The prediction of a protein's secondary structure - i.e. the formation of regular local structures such as alpha-helices and beta-strands within a single protein sequence - is an essential intermediate step on the way to predicting the full three-dimensional structure of a protein. If the secondary structure of a protein is known, it is possible to derive a comparatively small number of possible tertiary (three-dimensional) structures using knowledge about the ways that secondary structural elements pack.

-- Adrian Shepherd [1]

Introduction

It is apparent that solving the protein folding problem is of paramount concern to molecular biology. Solving this problem would allow for great strides across the board in all of the medical and biological fields of science. Proteins are formed by joining 20 different amino acids into a stretched chain. In water, the chain folds into a unique three-dimensional (3D) structure. In proteins, the sequence of amino acids determines the shape, and the shape determines the function. Thus knowing the structure of a protein is key to understanding and utilizing the protein. The computational effort required to study protein folding is enormous. Using crude workload estimates for a petaflop/second capacity machine leads to an estimate of three years to simulate 100 microseconds of protein folding.

Why Neural Nets?

Because of this, many researchers have been trying to find possible shortcuts into using computational methods to find the structure of proteins.
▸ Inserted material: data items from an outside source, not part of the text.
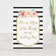 Carte de remerciement classique à rayures noires et blanches, or et aquarelle rose vintage florale pour la mère de la mariée le jour de votre mariage.
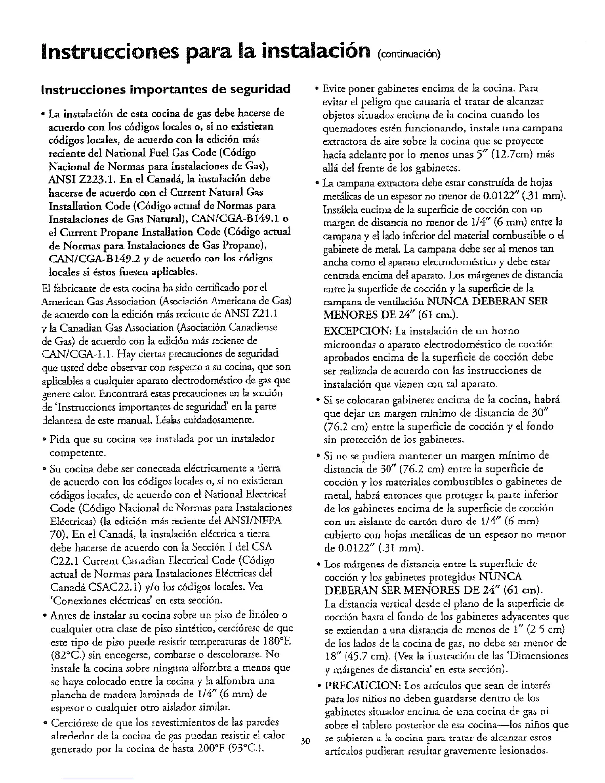 ANSI Z223.1. En el Canada, la instalaci6n debe
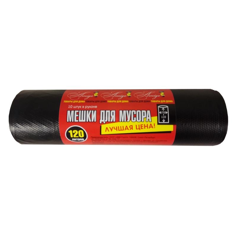 Мешки для мусора 120 л черные (ПНД, 14 мкм).<br> Применяются для хранения и транспортировки строительного и производственного мусора, бытовых и продуктовых отходов. Данные пакеты подходят для уборки придомовой территории ЖКХ, сбора листьев и растительного мусора при сезонной уборке улиц, бульваров, скверов, парков. Изготовлены из полиэтилена низкого давления. Не являются ароматизированными и биоразлагаемыми.<br> Упакованы по 10 штук в рулоне.
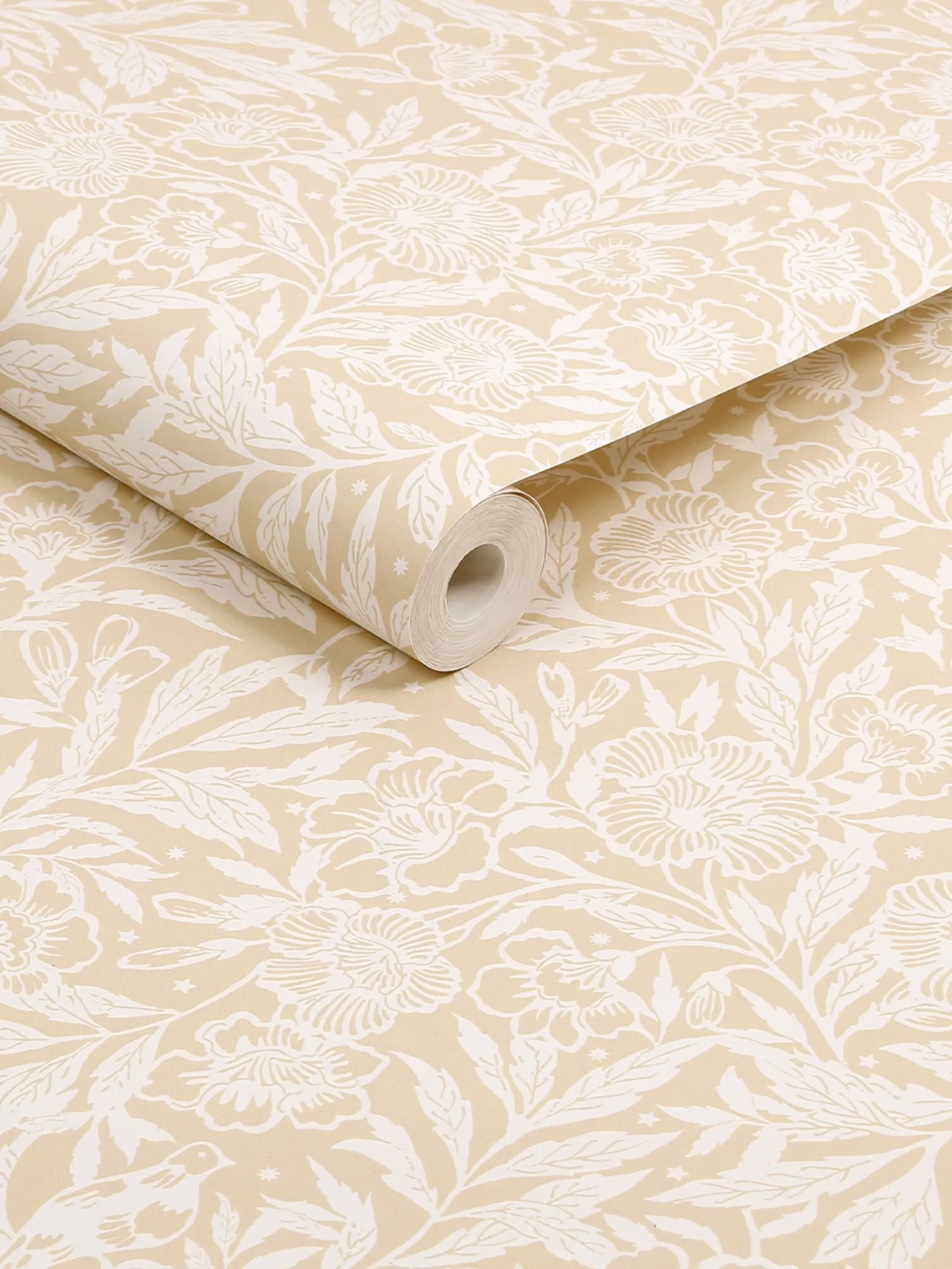 Bring classic arts and crafts style to your home, along with a touch of the British countryside. This wallpaper teams floral blooms and foliage with hidden birds perched upon branches, leaping hares and foxes surrounded by delicate stars. The more you look, the more you’ll see. This beautiful design has a large repeat for impactful scale and is printed on a matt substrate for a contemporary look and feel. This wallpaper is also paste-the-wall, making it easy to hang.

One such option that has shown itself to be viable in the last 20 years has been the neural network. Neural network solutions do not require intensive amounts of computation, and they can be trained to provide extremely accurate (upwards of 70-80% accuracy) results. While the basic methods of using neural networks are all relatively the same, what differs between each method is how biological data can be encoded into the neural network, and how the neural network deals with this biological data.
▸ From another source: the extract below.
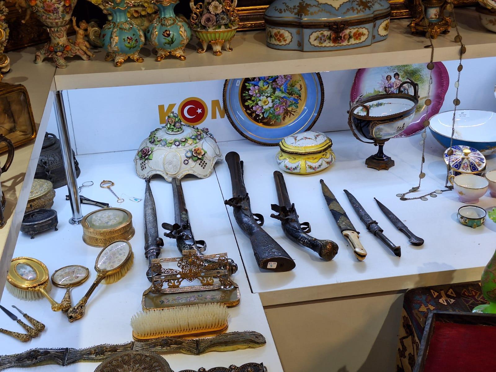17 adet 19'uncu yüzyıl Fransız yapımı sevres şömine saati ve köstekli saat. 6 adet Avrupa yapımı altın renkli kabartma figürleri bulunan çerçeveye sahip yağlı boya ve kanvas tablo. 5 adet 18 ve 19'uncu yüzyıl Osmanlı sanatına ait gümüş, bronz bel kemeri. 1 gelin başlığı, 3 gümüş kınılı kama, 1 hançer. 3 adet 19'uncu yüzyıl Osmanlı sanatına ait piştov ve barut hazneli silah. 6 adet 18 ve 19'uncu yüzyıl Osmanlı eseri kilim ve örtü tekstil ürünü. 1 adet Osmanlı yapımı 18 ve 19'uncu yüzyıla ilişkin işlemeli bakır vazo. 1 adet 19'uncu yüzyıl Avrupa eseri işlemeli bakır vazo. 5 adet Napoleon Bonaparte dönemi Fransız boulle kutulu likör takımı, 3 adet Osmanlı Devleti’nin son dönemlerine ait sedef işlemeli sandık. 1 adet 19'uncu yüzyıla ait tahta ve kemik elemanlarından oluşan çıkrık. 4 adet Fransız yapımı ahşap gümüşlük ve köşe vitrini. 1 adet 19'uncu yüzyıla ait bronz aksamlı duvar tipi sekreter masası. 4 adet 19'uncu yüzyıl Fransız yapımı okuma ve opera gözlüğü. Fransız yapımı porselen ve gümüş fincan takımları, sürahiler, çatal-bıçak takımı, süs eşyaları, vazolar, şamdanlar ve tepsiler.

Neural networks generalise by extracting the underlying physico-chemical principles from the training data. Obviously, this requires a correct training set. Søren Brunak has pioneered the idea to unravel errors in the training set by monitoring samples that could not be learned even when the networks were trained until over-fitting the data. This technique has not only been used successfully to identify errors, and inconsistencies in public data bases, but also to improve the network performance.
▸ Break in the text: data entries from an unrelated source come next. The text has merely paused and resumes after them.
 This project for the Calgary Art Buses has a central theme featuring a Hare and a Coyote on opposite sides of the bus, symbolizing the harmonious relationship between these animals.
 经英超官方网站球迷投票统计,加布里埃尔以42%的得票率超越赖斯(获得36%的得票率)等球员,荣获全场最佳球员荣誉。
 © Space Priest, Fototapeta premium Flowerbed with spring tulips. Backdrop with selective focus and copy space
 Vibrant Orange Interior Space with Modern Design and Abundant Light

Secondary Structures and Neural Nets Examined

So in protein structure prediction with neural networks (or any soft computing technique), there is one common goal: to find a general mapping from the amino acid sequence to the secondary structure. If you don't recall, the secondary structure of a protein consists of the identification of common three-dimensional substructures found within the larger protein structure. These three substructures consists of alpha-helixes (which appear as coils or springs in common 3D representations), beta-sheets (which appear as large flat arrows), and coils (which are simply non-descript threads connecting everything together).

So why not just try and predict the tertiary (or complete 3D structure) instead of trying to predict the secondary structure first? There are a few reasons actually. The first being that the tertiary structure consists of the individual molecules and even atoms of the protein, whereas the secondary structure is merely a rough description of the protein. To predict a 3D structure from the kind of granularity present in tertiary structures represents a significant challenge for neural networks. The atoms would more likely be perceived as noise rather than patterns. Secondary structures avoid this because a secondary structure is only concerned with general descriptions of a protein's substructures. It is known that these substructures often occur in patterns and thus a neural network solution should be viable due to it's inherit pattern matching and recognition abilities. Another added complexity to predicting tertiary structures is that the three-dimensional structure of a protein is position and orientation independent. So training a neural network to recognize this independence would add another complex element to training. Secondary structures do not suffer from this complexity because a secondary structure is merely a chain of two-dimensional descriptors.

We're after the tertiary structure in the long run, so how does finding the secondary structure actually help? As it turns out, once a secondary structure is known, it is rather easy to get a good estimate of a low resolution tertiary structure. By low resolution I am refering to the granularity of the molecules and atoms. At the lowest resolution you have just the three dimensional shape of the secondary structure (fig. 1) and at the highest resolution you have the individual atoms and molecules (fig. 2). From the figures it's easy to see how pattern recognition with a secondary structure would be much much easier than with the tertiary structure.

Figure 1: Secondary structure in 3D. Figure 2: High resolution tertiary structure.

 

Methods

There have been a number of different methods developed over the 30 or so years neural nets have been employed to solve the protein folding problem. However, all of the solutions are fundamentally the same and even the current generation of applications show a remarkable similarity to the applications of the past. All solutions are essentially neural networks (almost exclusively your normal back-prop neural net), examining a window of the amino acid chain. The output of the network is one of three outputs corresponding to the three different components of secondary structures (alpha-helix, beta-sheets, and coils).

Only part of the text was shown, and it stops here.